Key practical pressures include: spot availability tightening as sellers pull offers; contract volumes being prioritised over spot sales, reducing flexibility for buyers without long-term agreements; freight lead times extending with rerouting adding days or weeks to delivery schedules; and price validity windows shortening as sellers limit exposure to further market moves.

Converters and manufacturers who entered this period with lean inventory positions face the sharpest near-term risk. Those with contracted supply or diversified sourcing will be better positioned — but no participant in the global PP and PE supply chain is fully insulated.

The Bigger Picture: Structural Fragility in Global Polymer Supply

This crisis is not simply a short-term logistics disruption. It is exposing a structural concentration risk that has been building for over a decade. The world’s polymer supply chain is heavily dependent on a small number of producing nations concentrated in a single geographic chokepoint. When that chokepoint is threatened, there is no rapid substitution — alternative supply sources are either too expensive, too far away, or already operating at capacity.
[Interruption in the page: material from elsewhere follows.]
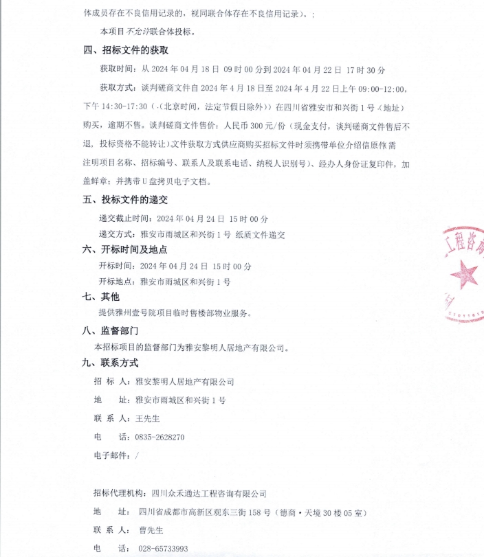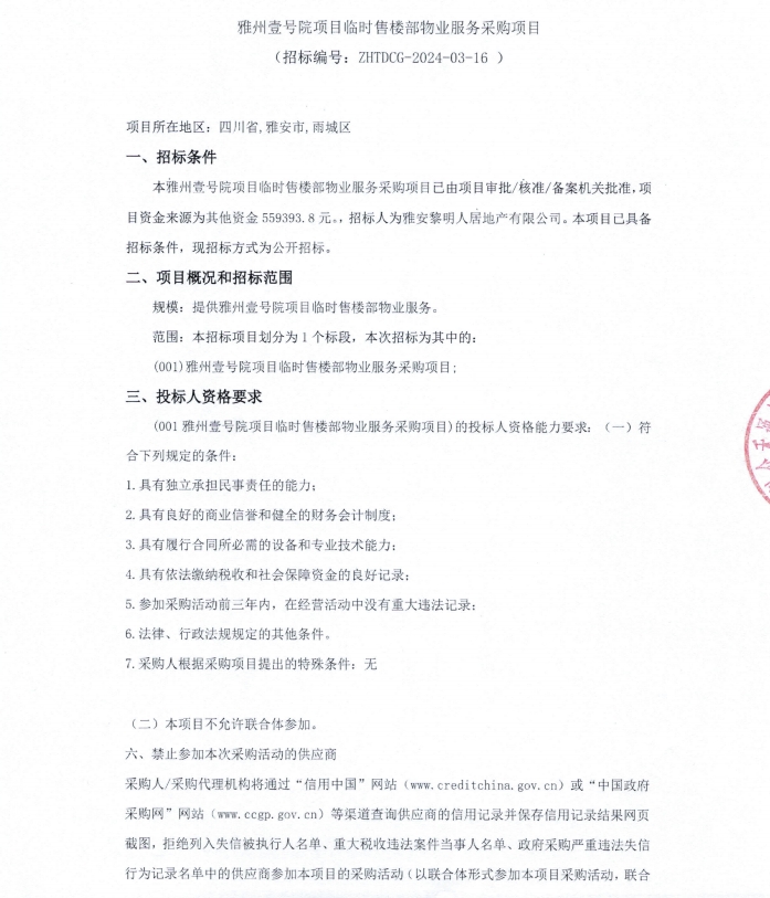 雅州壹號院項(xiàng)目臨時(shí)售樓部物業(yè)服務(wù)采購項(xiàng)目公告

For African markets — which source heavily from the Gulf — the ripple effects will take longer to arrive but will be no less significant. The current environment underscores the strategic value of supply chain diversification, long-term procurement agreements, and close supplier relationships that allow for advance visibility on allocation and lead-time changes.